The cluster configuration could look as follows:

  clusters:
  - name: dynamic_forward_proxy_cluster
    connect_timeout: 1s
    lb_policy: CLUSTER_PROVIDED
    cluster_type:
      name: envoy.clusters.dynamic_forward_proxy
      typed_config:
        "@type": type.googleapis.com/envoy.extensions.clusters.dynamic_forward_proxy.v3.ClusterConfig
        dns_cache_config:
          name: dynamic_forward_proxy_cache_config
          dns_lookup_family: V4_ONLY
+       upstream_filters:
+         - upstream_filter_match:
+           prefix_ranges:
+           - address_prefix: 10.0.0.0
+             prefix_len: 8
+           filters:
+             - direct_response:
+               status: 403
+               body:
+                 inline_string: |
+                   Forbidden
+         - upstream_filter_match:
+           prefix_ranges:
+           - address_prefix: 0.0.0.0
+             prefix_len: 0
+           filters:
+             - proxy_pass: {}
mattklein123 commented 3 years ago

Would a more general solution for ^ be upstream HTTP filters? https://github.com/envoyproxy/envoy/issues/10455 cc @snowp

snowp commented 3 years ago

Yeah I think it would be a good fit, we'd be able to couple this with the unified matching and composite filters to provide per match filter application

aSapien commented 3 years ago

@mattklein123 Of course, I would always prefer the general solution as long as it provides the building blocks to compose for a specific use-case :)
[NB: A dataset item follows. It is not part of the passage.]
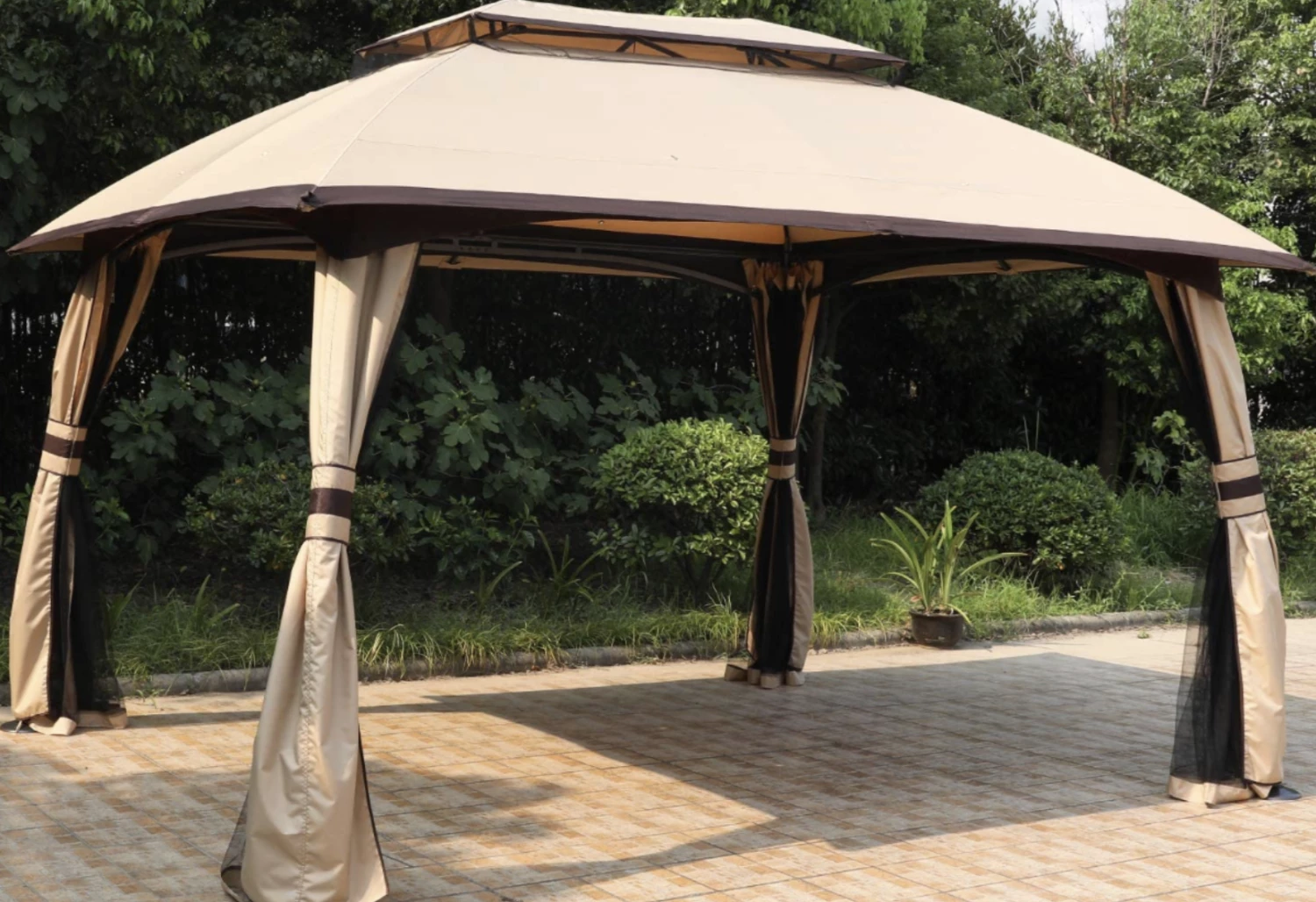 We love this gazebo! The beige color is elegant, and the netting keeps bugs out. It’s a great addition to our outdoor space and has held up well in different weather conditions.
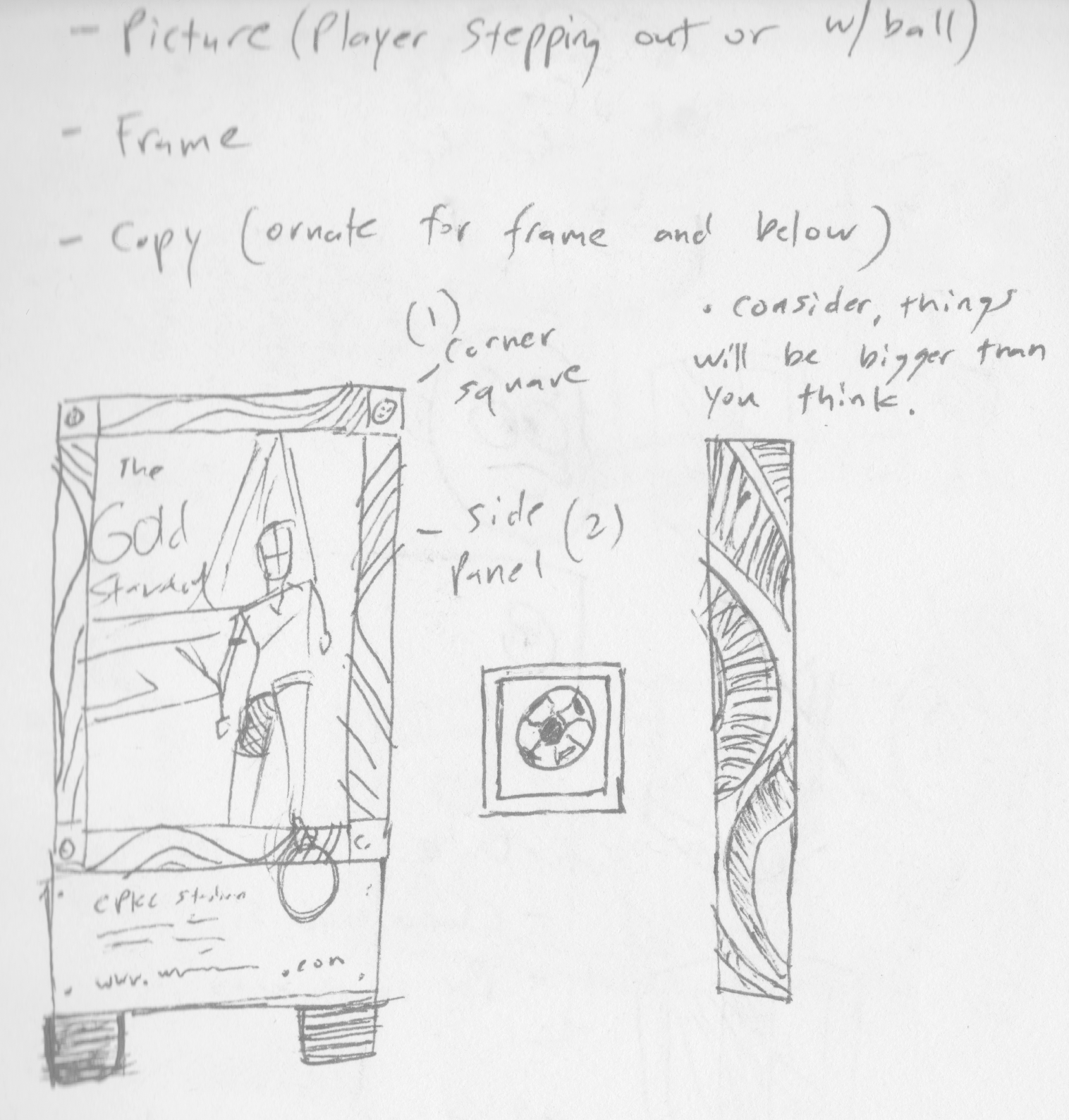 Initial sketches to visualize the a player stepping out of a painting or art frame and onto the street. It is a connection to the rich artistic history of France as well as a nod to the gold medals of the Olympic games.

@snowp I see that there hadn't been much activity in #10455 recently. What can be done to push it forward?

snowp commented 3 years ago

I haven't had the time to work on it in a bit, though if someone wants to pick it up I would happily review. There is still quite a bit of work left, I had https://github.com/envoyproxy/envoy/pull/13095 open as a POC of integrating the filter manager with the router, which opens up for making upstream HTTP filters configurable via the API.

aSapien commented 3 years ago

I would pick it up but I'm afraid I need to catch up on my cpp first 😅

github-actions[bot] commented 3 years ago

This issue has been automatically marked as stale because it has not had activity in the last 30 days. It will be closed in the next 7 days unless it is tagged "help wanted" or "no stalebot" or other activity occurs. Thank you for your contributions.

github-actions[bot] commented 3 years ago

This issue has been automatically closed because it has not had activity in the last 37 days. If this issue is still valid, please ping a maintainer and ask them to label it as "help wanted" or "no stalebot". Thank you for your contributions.